* _Recorded information_
########
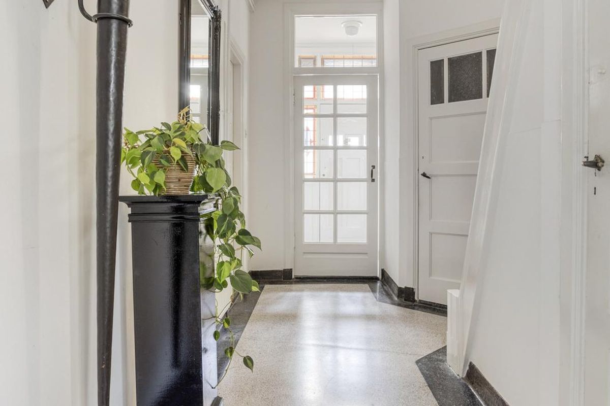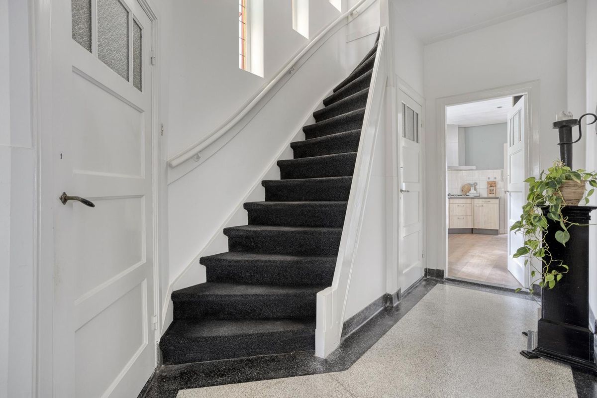 Zodra je de voordeur opent, ervaar je meteen de charme van dit huis. Het tochtportaal met granieten vloer, de klassieke voordeur met glas-in-lood en zelfs de traditionele brievenbus: alles klopt. In de hal vallen direct de hoge plafonds met sierlijsten op, een detail dat je in het hele huis tegenkomt.
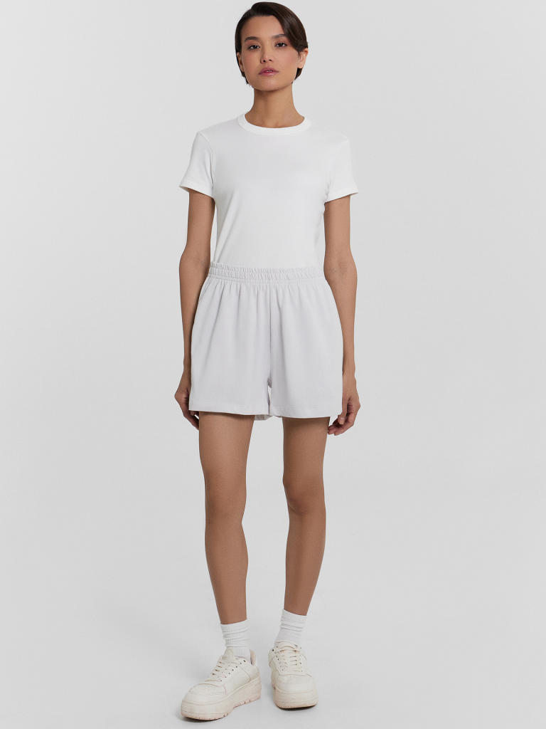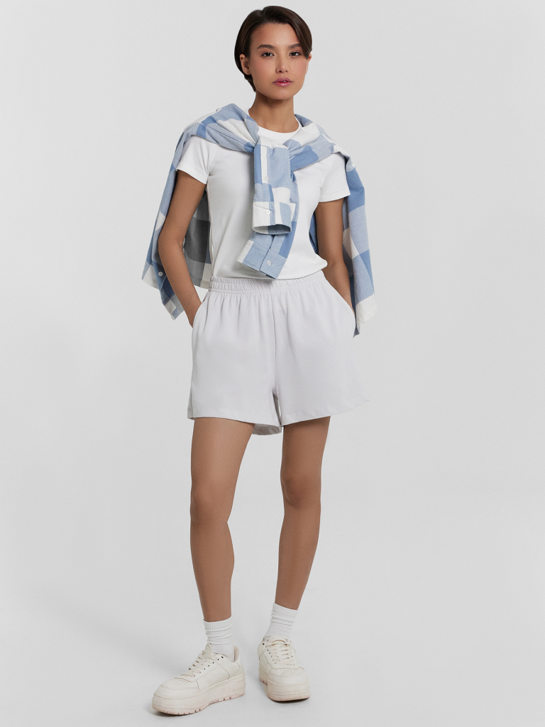 Свободные и стильные женские шорты – ваш незаменимый спутник для жарких летних дней! Модель с высокой посадкой идеально подчеркивает линию талии, а эластичный пояс обеспечивает удобную и комфортную посадку. Практичные боковые карманы и накладной карман сзади добавляют функциональности, позволяя хранить мелочи всегда под рукой. Шорты выполнены из натуральной хлопковой кулирки, что делает их мягкими, легкими и приятными к телу, обеспечивая комфорт даже в самую жаркую погоду. Нижние срезы аккуратно обработаны швом вподгибку, что придает изделию завершенный вид. Этот стильный и практичный элемент гардероба подойдет для прогулок, отдыха или встреч с друзьями – свобода и комфорт в каждом шаге!
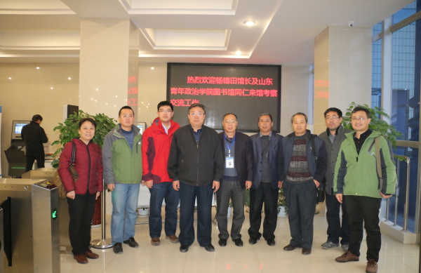 11月20日,杨锡田馆长一行八人赴山东政法学院图书馆考察学习,与山东政法学院毕云林馆长、胡杨副馆长进行座谈。
########
* _What you have to do_
Wherever an image sits in the data, omit it; everything else must be copied exactly.

* _Answer_
 Zodra je de voordeur opent, ervaar je meteen de charme van dit huis. Het tochtportaal met granieten vloer, de klassieke voordeur met glas-in-lood en zelfs de traditionele brievenbus: alles klopt. In de hal vallen direct de hoge plafonds met sierlijsten op, een detail dat je in het hele huis tegenkomt.
 Свободные и стильные женские шорты – ваш незаменимый спутник для жарких летних дней! Модель с высокой посадкой идеально подчеркивает линию талии, а эластичный пояс обеспечивает удобную и комфортную посадку. Практичные боковые карманы и накладной карман сзади добавляют функциональности, позволяя хранить мелочи всегда под рукой. Шорты выполнены из натуральной хлопковой кулирки, что делает их мягкими, легкими и приятными к телу, обеспечивая комфорт даже в самую жаркую погоду. Нижние срезы аккуратно обработаны швом вподгибку, что придает изделию завершенный вид. Этот стильный и практичный элемент гардероба подойдет для прогулок, отдыха или встреч с друзьями – свобода и комфорт в каждом шаге!
 11月20日,杨锡田馆长一行八人赴山东政法学院图书馆考察学习,与山东政法学院毕云林馆长、胡杨副馆长进行座谈。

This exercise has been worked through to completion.